Настя подошла к окну и стала смотреть на улицу.

— Барышня, Настасья Гавриловна, вам бы надо отойти от окна-то, — тихо и с должным почтением проговорил незаметно вошедший в комнату Насти старик дворецкий. — Смею доложить, по улице мимо окон всякий народ шляется и в окна глаза пялит.

— Ну так что же? Пусть смотрят.

— Смею доложить, неприлично-с…

— Что такое?.. Как вы смеете мне замечания делать? Я сама знаю, что прилично, что нет…

— Не по своей воле… Ваш папенька мне такой приказ дали…

— Следить за мной? Следить за каждым моим шагом? Такой приказ дан?.. Ну нет-с! Я буду стоять у окна, буду…

— Как будет вам угодно-с… Только смею доложить, ваш папенька-с…

— Кто-то подъехал к нашему дому, — не слушая его, воскликнула Настя. — Какие чудные лошади!.. Вышел из саней… Подошел к окну… кланяется. Какой красавец!..

Девушка прильнула к стеклам и с любопытством смотрела на красивого и мощного Федю Тольского, который подъехал на паре лихих коней к заинтересовавшему его домику.

Он увидал в окне Настю и, пораженный ее красотою, захотел во что бы то ни стало проникнуть в домик и познакомиться с красавицей.

«Во-первых, я должен преклониться перед чудной красотой, а во-вторых, должен наказать того дворового, который обещал ко мне прийти и не пришел», — думал Тольский, все сильнее и сильнее стуча в калитку.

Последние его слова относились к дворовому Прошке, который обещал прийти к Тольскому и рассказать ему о своем барине и о тех криках, которые слышал Тольский, возвращаясь из клуба. Однако Прошка не выполнил обещания не потому, что не хотел, но потому, что его не отпустил дворецкий, а уйти без спроса он не мог: ворота были на замке, и ключ был у дворецкого.

— Что же вы тут торчите? Ступайте, прикажите отпереть калитку и спросить у того господина, что ему угодно? — проговорила дворецкому Настя и, заметив его нерешительность, даже топнула ногой. — Идите же исполнять то, что я вам приказываю!

— Слушаю-с, иду! — И дворецкий поспешно вышел. Ему пришлось отпереть ворота и впустить на двор непрошеного гостя.

— Как ты смел, старый мухомор, морить меня у ворот? — полушутя-полусерьезно заметил Тольский дворецкому.

Савелий Гурьич был мрачен и ничего не ответил на шутку.

— Ну, что молчишь? Или язык от страха отнялся?

— Что же мне вас бояться? Вы мне не господин, я не крепостной ваш… А что вы, сударь, чуть не силой врываетесь к нам, то…

— Поговори еще у меня! — Тольский вынул из кармана нагайку и погрозил дворецкому.

— Что вам, сударь, угодно? Зачем вы к нам изволили пожаловать?
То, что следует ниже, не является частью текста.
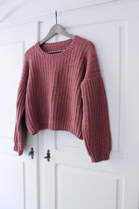 CEFALÙ jumper is knitted bottom up, beginning with knitting the lower body section in rounds. After the underarm area is reached, the front and back sections are worked flat separately. The shoulders are closed using Three Needle Cast Off technique. The sleeves are worked top down in rounds by picking up new stitches at the armhole. The design has a cropped fit and a positive ease of about 25 cm compared to the actual bust circumference.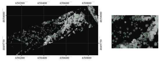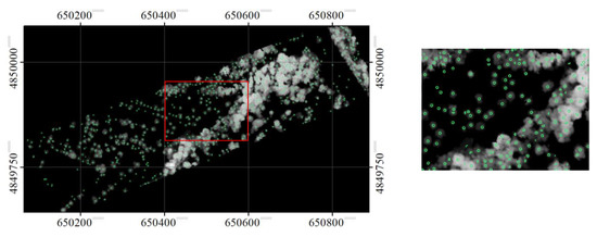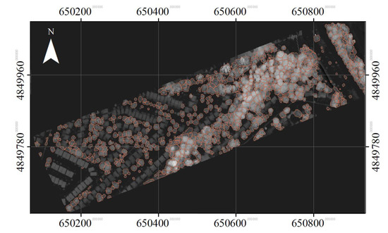 To evaluate quantitatively the segment results, manual delineation was independently carried out on the LiDAR data. A total of 718 trees (hereafter referred to as “reference crowns”) were identified, as shown in Figure 8. The overlap of each reference crown with individual segments was calculated based on Equation (10). It was assigned to one of the following categories [12,32,33,34]: (1) matched, if its overlap with a segment was over 50%; (2) partially matched, if the overlap was less than 50% but greater than 25%; and (3) omitted, if the overlap with any segment was less than 25%. Overlap was determined as follows:

— Зачем я пожаловал, про то скажу, только не тебе, а твоему барину.

— Барина дома нет-с.

— Ну, так той барышне, которую видел в окне… Веди к ней! — И Тольский направился к крыльцу.

Настя, не дожидаясь доклада, вышла к нему навстречу. Тольский сбросил в передней дорогую медвежью шубу: он был в суконном казакине, подпоясанном ремнем с серебряным набором.

— Простите, сударыня, — начал он, — что я к вам так запросто, в казакине; терпеть не могу рядиться в заморские камзолы и в куцые фраки. То ли дело наша родная одежда!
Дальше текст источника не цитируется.